A diplomacia brasileira usou vários chapéus na 6ª Conferência Ministerial da OMC, em Hong Kong. Contribuiu, com esse jogo múltiplo, para um inadiável empurrão na Rodada Doha de negociações comerciais. O sucesso do chanceler Celso Amorim pode ser avaliado pela irritação que provocou em Peter Mandelson. Mas o uso de múltiplos chapéus pode levar à perda de foco. Um dos chapéus mais notáveis, nessa etapa, foi o da parceria com os negociadores americanos. Atuaram juntos ao cobrar um prazo para a extinção dos subsídios europeus à exportação agrícola. A diplomacia européia rebateu a bola, exigindo de americanos, canadenses, australianos e neozelandeses o fim dos subsídios comerciais embutidos no crédito, no seguro, nas operações de estatais e na ajuda alimentar aos países pobres.

Os negociadores brasileiros buscaram também essas mudanças e não precisaram fazer coro com os europeus. Isso foi possível porque a escolha mais importante, nessa disputa, era entre o jogo ofensivo e o defensivo. O ofensivo era o dos americanos. A estratégia, prioridade para acesso a mercados, foi exposta pelo secretário de Agricultura dos Estados Unidos, Mike Johanns, a uma centena de líderes do agronegócio americano, em Hong Kong.
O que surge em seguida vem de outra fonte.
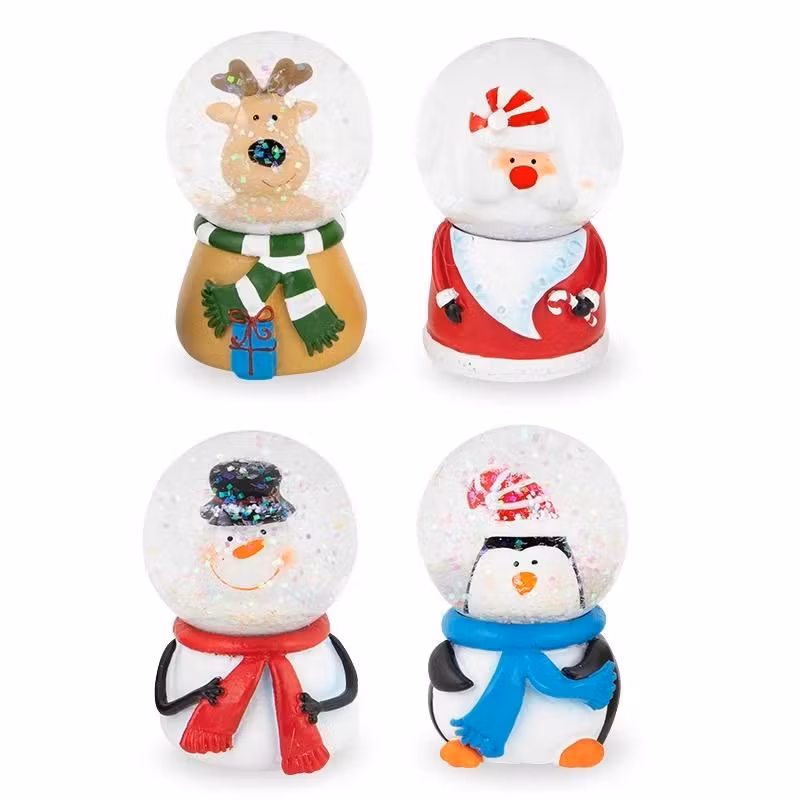 Små snöglober - Välj vilken du vill ha 89 kr Här finns fina snöglober i fyra olika varianterVänder du på den så svirlar snön runt huvudet på dem.Material: Glaskula fylld med vatten. Lägg i korgen %Snöglob Tomte Snöglob Ren Snöglob Pingvin Snöglob Snögubbe Snöglob Lägg i korgen Dela Här finns fina snöglober i fyra olika varianterVänder du på den så svirlar snön runt huvudet på dem.Material: Glaskula fylld med vattenFinns i 4 olika varianter: Ren, snögubbe, pingvin, JultomtenVälj själv vilken du vill ha.Mått: 7,2 x 4,5 cm

A explicação foi detalhada por Bob Stallman, presidente da American Farm Bureau Federation. A agricultura americana tem de crescer para fora, disse Stallman, porque a expansão da demanda ocorrerá no exterior. Ninguém chiou e não houve perguntas nem comentários sobre políticas protecionistas.

Vários segmentos do agronegócio americano - como o do açúcar - continuarão a cobrar proteção oficial. Mas a ênfase da política, insistiu Stallman, deve ser a luta pela abertura de mercados.
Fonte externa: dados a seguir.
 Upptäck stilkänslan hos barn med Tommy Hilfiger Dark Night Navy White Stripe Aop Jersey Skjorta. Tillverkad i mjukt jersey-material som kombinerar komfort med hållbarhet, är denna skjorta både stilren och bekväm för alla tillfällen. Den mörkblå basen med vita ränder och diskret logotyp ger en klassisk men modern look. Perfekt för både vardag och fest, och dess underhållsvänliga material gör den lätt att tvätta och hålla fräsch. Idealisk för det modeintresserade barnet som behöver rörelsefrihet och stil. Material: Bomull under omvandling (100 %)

A atitude européia é muito mais defensiva. O empenho dos europeus em prolongar os subsídios à exportação até o último instante combina com a preferência pela retranca. Toda a conversa a respeito de "preocupações não comerciais" - cuidados com a paisagem, com o estilo de vida rural e até com os direitos dos animais - remete ao protecionismo.

O agronegócio brasileiro também deve concentrar o foco na abertura de mercados e, internamente, na acumulação de ganhos de eficiência e de qualidade. Ao contrário do agronegócio americano, poderá dispor de um mercado interno em expansão. Não será preciso, nem teria sentido, escolher um mercado ou outro. Os principais negociadores brasileiros sabem disso. Mas o Itamaraty acabou usando mais um chapéu e assumiu também o papel de paladino dos ineficientes.

A diplomacia brasileira acabou admitindo, além da categoria de "produtos sensíveis", defendida principalmente pelos europeus, uma classe de "produtos especiais", proposta por economias em desenvolvimento, como a Índia.

Conceitualmente, a lista de "produtos sensíveis" tem relação com a baixa competitividade de alguns setores. É o caso da produção de açúcar na Europa e nos Estados Unidos. É crucialmente importante, para o Brasil, negociar uma disciplina severa para essas listas.

No caso dos especiais, o objetivo proposto é a defesa de agricultores familiares, ineficientes e pobres. Não se trata de proteger produtos, mas produtores. A aplicação desse conceito leva a uma situação absurda.

A agricultura brasileira produz milho com eficiência e exporta esse milho em quantidades consideráveis, transformado em carnes de frango e de porco. Muitos desses produtores são pequenos proprietários com boa base tecnológica, assim como os bons plantadores de feijão.

No entanto, o Ministério do Desenvolvimento Agrário (MDA) defende a adoção de uma lista de produtos especiais, milho e feijão incluídos, para proteção do agricultor pequeno e pobre - pobre por ser ineficiente e não por ser pequeno.

Criada essa categoria de produtos, vários países em desenvolvimento, incluídos alguns emergentes e poderosos, poderão usá-la para jogadas protecionistas. Sem esse recurso, a China foi capaz de impor um jogo duro aos exportadores brasileiros de soja, no ano passado.

Se não tentar reduzir esse risco, a diplomacia brasileira, depois de um desempenho respeitável em algumas frentes, poderá acabar usando o pior de todos os chapéus: aquele cônico e alto, graças à interferência de um ministério dedicado ao atraso.